California voters have only one group to blame for their $25B budget shortfall; themselves. In the early 2000’s they voted against a referendum that would have created “optional” public funding of campaigns, and so their politicians continued doing what their privatized funders wanted them to do: SPEND MONEY!
And spend it especially on waste… because waste is profitable to those who receive it.
But they have nothing on us. In 2000 over 90% of Wisconsin’s voters approved a campaign finance reform referendum, and Walker and his colleagues gave us a bill with a poison pill destined to kill it dead after the elections. The courts killed it — as the legislature connived — and our budget has skyrocketed since.
If Walker wants to be an effective governor he must decide early on whose side he’s on. Does he want to govern or is campaign money to govern, as it does out west? If the latter, we must throw him and his cronies out in 2012. But if the former Walker could make an important mark on Wisconsin history.
Let’s give him a chance.
If he wants to govern, his crew must pass a public funding of campaigns bill — “optional” to make it constitutional — and before the game starts, not after three years of haggling and tax giveaways. It’ll cost about $5 per taxpayer per year but will save easily twenty times that in wasteful spending. It’s a no-brainer, but those currently funding the elections will oppose it because they’ll lose control of the politicians and their taxing habits.
Walker is correct that the state is spending far too much money. Exorbitant public employee wages and benefits, and unnecessary and inefficient government departments are just a few that must go. But so must excessive contracts to private companies that fund the elections. Spending goes up when campaign contributions go up, so we know the culprit.
And we must quit complaining about not being able to afford needed things while we simultaneously cut our taxes that pay for them.
Walker could be our best governor ever… or our worst. We’ll have to wait and see.
But let’s also put this to rest:
Who really does create jobs?
The little guy who spends money on his family (the demand side) is the only one in the formula that’s indispensable. Somebody’s got to buy something to start the ball rolling.
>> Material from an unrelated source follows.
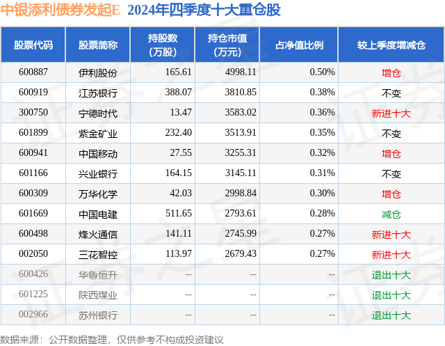 从基金规模来看,中银添利债券发起E基金2024年四季度公布的基金规模为46.02亿元,较上一期规模27.22亿元变化了18.81亿元,环比变化了69.11%。该基金最新一期资产配置为:股票占净值比5.46%,债券占净值比108.95%,现金占净值比1.89%。从基金持仓来看,该基金当季前十大股票仓位达3.34%,第一大重仓股为伊利股份(600887),持仓占比为0.5%。

The crafty CEO who positions himself as the middle-man and pockets the profits (the supply side) can be replaced with the workers.
It’s the little guy that buys product that keeps the other little guys working.
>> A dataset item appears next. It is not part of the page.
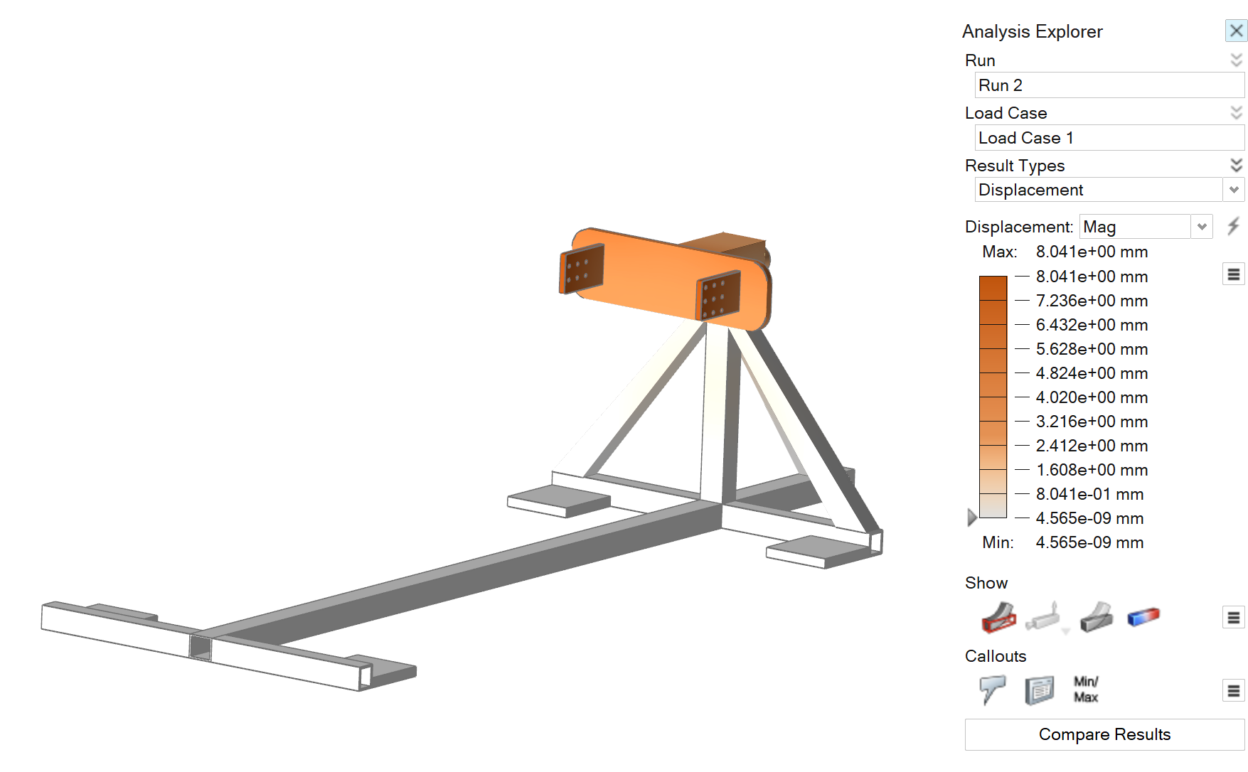 负面效果以棕色阴影显示,表示设计变量的正面变化会导致响应的负面变化。FA_Tube_B 的线性作用为 -2.021,意味着管道底座宽度的增加将减少位移响应。从最小设计变量 96 mm 到最大设计变量 144 mm 的全部线性作用约为 -2 mm。

It’s nice to have both, but we must whittle down the current CEO waste in the middle. As a former CEO, I know of not one CEO worth more than $1 million per year, but our corporate rules currently allow this ripoff.
But give them credit; their well-rehearsed trickle-down scam has a lot of people worshiping their lie, because they’ve convinced us of how indispensable rich guys are. Importantly, to keep the lie moving they must share their wealth with the politicians that made it all happen.
I wish Obama’s latest giveaway would have been a six-month knife fight, rather than a one-week cave in. And I wish he’d have turned it over to Anthony Weiner to negotiate. As well, why did Bernie Sanders put on a fake filibuster rather than just putting a “hold” on it? And where is Feingold and Kohl on this? Russ can make a real filibuster happen; let’s hope he does.